Termination without Cause

The Supreme Court of Canada in its 2011 decision in Wilson v Atomic Energy defined the rights available to those persons covered by the unjust dismissal jurisdiction of the Code.

The adjudicator concluded that such a person may be terminated only for just cause. 1 The Supreme Court decided that this was a reasonable decision. As noted elsewhere, the reasonableness standard allows for a reasoned contrary decision to also be reasonable. This remains a possible outcome.

Wilson had been employed for 4.5 years. He originally had claimed that his termination was an act of reprisal based upon his prior complaint of improper procurement policies of the employer. He was terminated without cause and provided, as the employer wrote to the inspector, and was “provided a generous dismissal package”.

Following the appointment of an adjudicator, the employer requested a preliminary ruling as to whether there was an available right to file the complaint, given a without cause termination accompanied by this severance payment.
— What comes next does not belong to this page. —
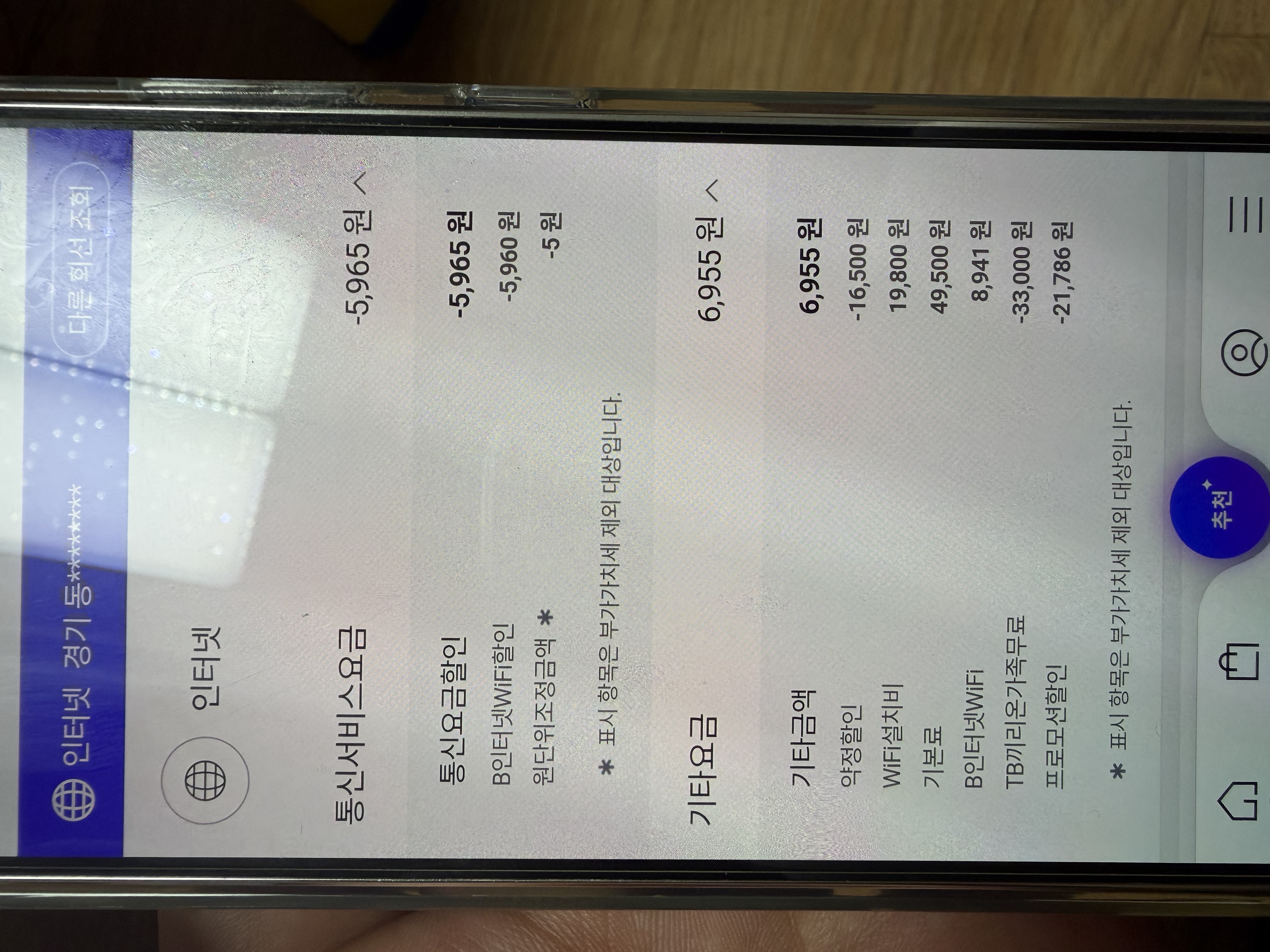 추가요금할인 되는거 있는지 알아봐주겠다고했고

The adjudicator allowed the complaint, having determined that there was no provision in the Code which allowed a not-for-cause termination.

The first review allowed the application as it found this decision unreasonable. The Federal Court of Appeal agreed, however, it applied the standard of review from the original decision as one of correctness, as opposed to reasonableness.
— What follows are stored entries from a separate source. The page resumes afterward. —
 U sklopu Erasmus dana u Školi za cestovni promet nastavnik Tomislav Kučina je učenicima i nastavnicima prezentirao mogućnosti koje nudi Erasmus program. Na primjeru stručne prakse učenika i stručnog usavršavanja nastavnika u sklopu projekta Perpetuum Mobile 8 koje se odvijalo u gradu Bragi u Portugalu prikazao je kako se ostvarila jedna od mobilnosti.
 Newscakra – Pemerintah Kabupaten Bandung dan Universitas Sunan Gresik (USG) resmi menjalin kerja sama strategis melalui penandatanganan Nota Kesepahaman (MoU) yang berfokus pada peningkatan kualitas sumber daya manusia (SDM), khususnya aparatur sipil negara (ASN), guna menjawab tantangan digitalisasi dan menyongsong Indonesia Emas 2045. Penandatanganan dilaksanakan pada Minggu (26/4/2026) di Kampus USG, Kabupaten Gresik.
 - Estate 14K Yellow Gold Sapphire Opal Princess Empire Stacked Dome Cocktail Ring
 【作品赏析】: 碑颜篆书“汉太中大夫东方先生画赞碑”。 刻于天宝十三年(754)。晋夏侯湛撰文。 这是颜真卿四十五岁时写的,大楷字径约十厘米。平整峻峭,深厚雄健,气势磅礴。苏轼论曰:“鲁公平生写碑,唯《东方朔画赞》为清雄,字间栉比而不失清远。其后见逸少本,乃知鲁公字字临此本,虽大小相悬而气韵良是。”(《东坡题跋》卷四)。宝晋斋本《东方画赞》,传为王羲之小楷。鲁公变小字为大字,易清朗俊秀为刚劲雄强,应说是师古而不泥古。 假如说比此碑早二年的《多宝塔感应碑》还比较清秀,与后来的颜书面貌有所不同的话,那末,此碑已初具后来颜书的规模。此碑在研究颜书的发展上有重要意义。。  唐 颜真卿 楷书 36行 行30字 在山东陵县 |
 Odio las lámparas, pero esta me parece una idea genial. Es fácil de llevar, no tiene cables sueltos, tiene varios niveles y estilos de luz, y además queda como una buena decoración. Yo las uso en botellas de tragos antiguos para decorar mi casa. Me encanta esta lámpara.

Abella, J. found that the Code was intended to prevent an employer from terminating an employee without cause. Such conduct will allow for the complaint to succeed, absent the exceptions noted. McLachlin, Karakatsanis, Wagner and Gascon, JJ concurred in brief reasons. Cromwell J. also wrote separately concurring reasons.

The essence of the reasons from the majority writers was that the adjudicator decision was reasonable and should be allowed to stand.
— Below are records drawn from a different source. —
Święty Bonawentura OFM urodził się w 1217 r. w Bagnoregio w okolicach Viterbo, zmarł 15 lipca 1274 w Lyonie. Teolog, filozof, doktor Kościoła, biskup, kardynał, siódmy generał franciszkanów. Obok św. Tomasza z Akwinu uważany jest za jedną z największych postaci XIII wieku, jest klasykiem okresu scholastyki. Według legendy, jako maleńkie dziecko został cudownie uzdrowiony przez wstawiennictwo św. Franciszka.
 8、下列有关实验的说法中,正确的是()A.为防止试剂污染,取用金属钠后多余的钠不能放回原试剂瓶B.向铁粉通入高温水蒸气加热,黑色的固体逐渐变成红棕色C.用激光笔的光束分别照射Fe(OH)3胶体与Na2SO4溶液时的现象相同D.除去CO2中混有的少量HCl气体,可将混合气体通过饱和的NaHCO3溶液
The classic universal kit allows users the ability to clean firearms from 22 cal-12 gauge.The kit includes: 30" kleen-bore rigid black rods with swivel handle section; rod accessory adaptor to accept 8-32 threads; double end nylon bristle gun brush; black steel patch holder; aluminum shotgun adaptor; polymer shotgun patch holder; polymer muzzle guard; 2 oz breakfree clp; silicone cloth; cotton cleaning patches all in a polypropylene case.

All this being said, the standard of reasonableness allows for contrary results to each be judged as reasonable. There is nothing barring an adjudicator, now the Board, from holding to the contrary.

This being said, the argument was made in an adjudicative hearing that there was no jurisdiction to hear the case, this being a not-for-cause dismissal, accompanied by a contractual term which defined the severance obligation. The adjudicator determined that there no right to proceed, a decision reversed on first review, which in turn was upheld in the Court of Appeal. 2

This was a pre-Wilson Supreme Court of Canada case. At the time of the Federal Court of Appeal decision, Wilson had been decided by the Federal Court of Appeal. The Federal Court of Appeal in Wilson applied the standard of correctness which did not hence permit any other result.

To date, post-Wilson there have been no cases denying the right to hearing before the adjudicator in a not-for-cause termination.  This may yet follow.